Leggiamo per esempio le valutazioni che Piero Calamandrei faceva tra ’43-45, poi lezioni nel dopoguerra, oggi Non c’è libertà senza legalità (Laterza 2013): “Ma se da una parte le vecchie istituzioni continuavano a far finta di nulla, rimanendo imperturbabili al loro posto, dall’altra le nuove autorità non ebbero il coraggio di istituire organi che rispondessero sinceramente alla nuova realtà politica. Sarebbe stata logica l’abolizione di ogni istituto rappresentativo e una organizzazione pubblica che avesse francamente affidato la formulazione del diritto al dittatore e alla sua cricca oligarchica: viceversa si continuò a parlar di rappresentanza, di regime parlamentare, di leggi discusse e votate da organi che dovevano essere le espressioni di un corpo elettorale.” Ciò attiene alla potenza e alla finzione dell’ibrido, che amplia il suo chiaroscuro all’intera società, invadendo la coscienza stessa degli individui: “Non credo che nella storia si sia mai verificato un caso consimile: una commedia rappresentata così a lungo, di questi servitori che rappresentano la parte dei legislatori senza esserlo, di questi sudditi oppressi che continuano a rappresentare la parte degli elettori senza aver niente da eleggere, cioè da scegliere, poiché la scelta era già stata fatta per loro dal loro padrone e dai loro satelliti.” (p. 50).

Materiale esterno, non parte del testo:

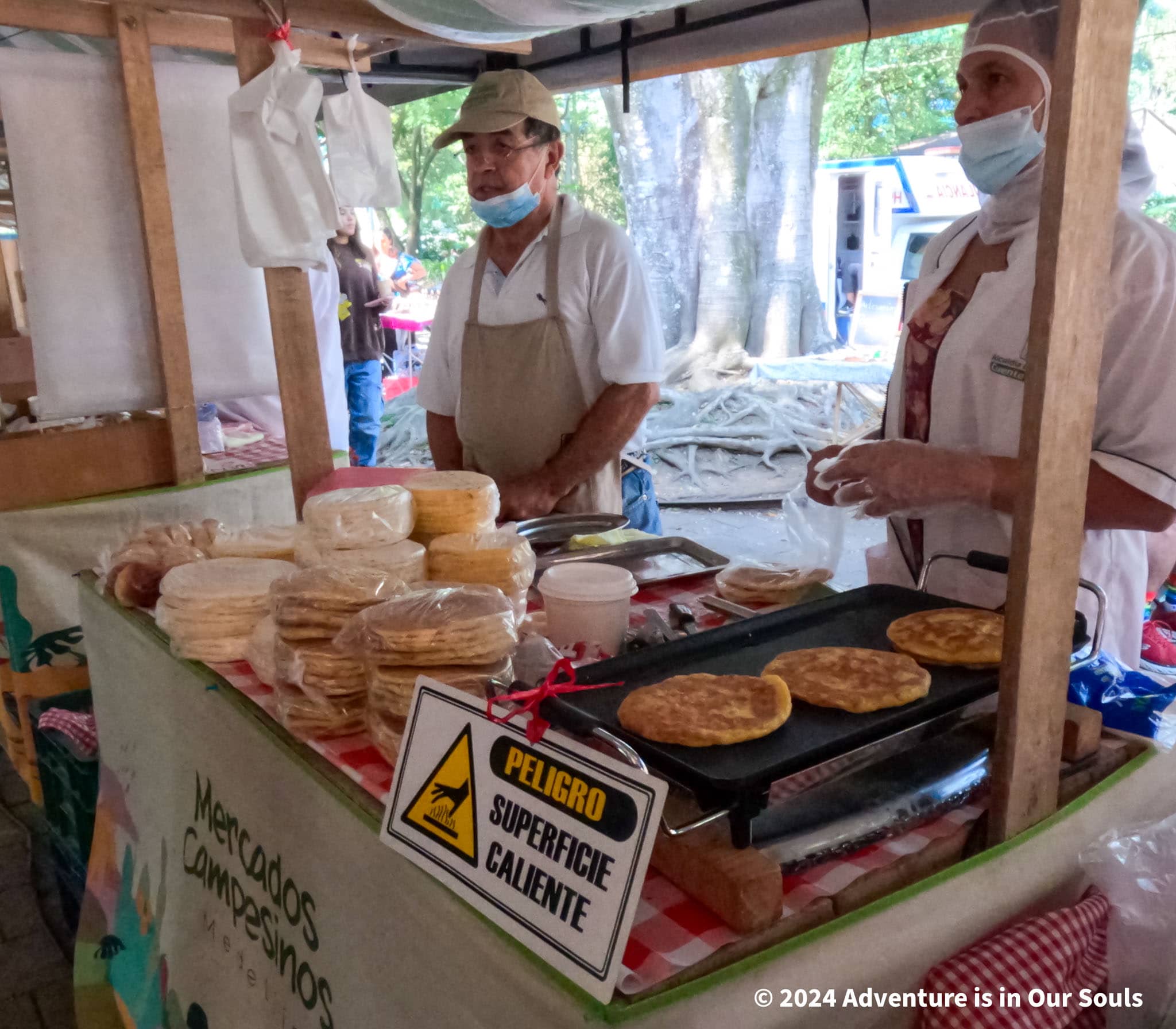 The local markets overflowed with flavor and energy! We wandered from stall to stall, sampling delicious street food that filled the air with irresistible aromas. My favorite quickly became the arepa de queso, a warm, cheesy corn cake griddled to perfection, then drizzled with sweetened milk and topped with soft quesito. Every bite was heavenly! To wash it down, we tried aguapanela con limón, a refreshing sugarcane and lime drink that was both sweet and tangy.

Venendo alla più stretta attualità si pensa ai limiti di qualsiasi manovra politico-sociale imposti dalle dinamiche finanziarie globali, ai trucchi per le rielezioni delle élite, ovunque alla telecrazia che fa aggio sulla partecipazione e alla crescente diminuzione della percentuale dei votanti che rendono il modello democratico europeo qua e là fortemente ibridato con una conduzione politica autoritaria di diversa declinazione, autocratica o oligarchica. Oggi in Italia si aggiungono a tali fattori le liste preconfezionate e bloccate, ormai ufficialmente anticostituzionali, le maggioranze parlamentari ed innaturali che dal governo Letta a quello di Renzi non sono cambiate. E si può chiudere allora il breve excursus sulle forme ibride caratteristiche dell’Italia portando in luce l’elefante nascosto in penombra, ovvero il sontuoso e plurisecolare connubio tra la più alta guida spirituale dei cattolici e un capo di stato, che, nonostante i benemeriti atteggiamenti del nuovo papa, resta nel cuore del paese come un insensibile e ormai introiettato modello.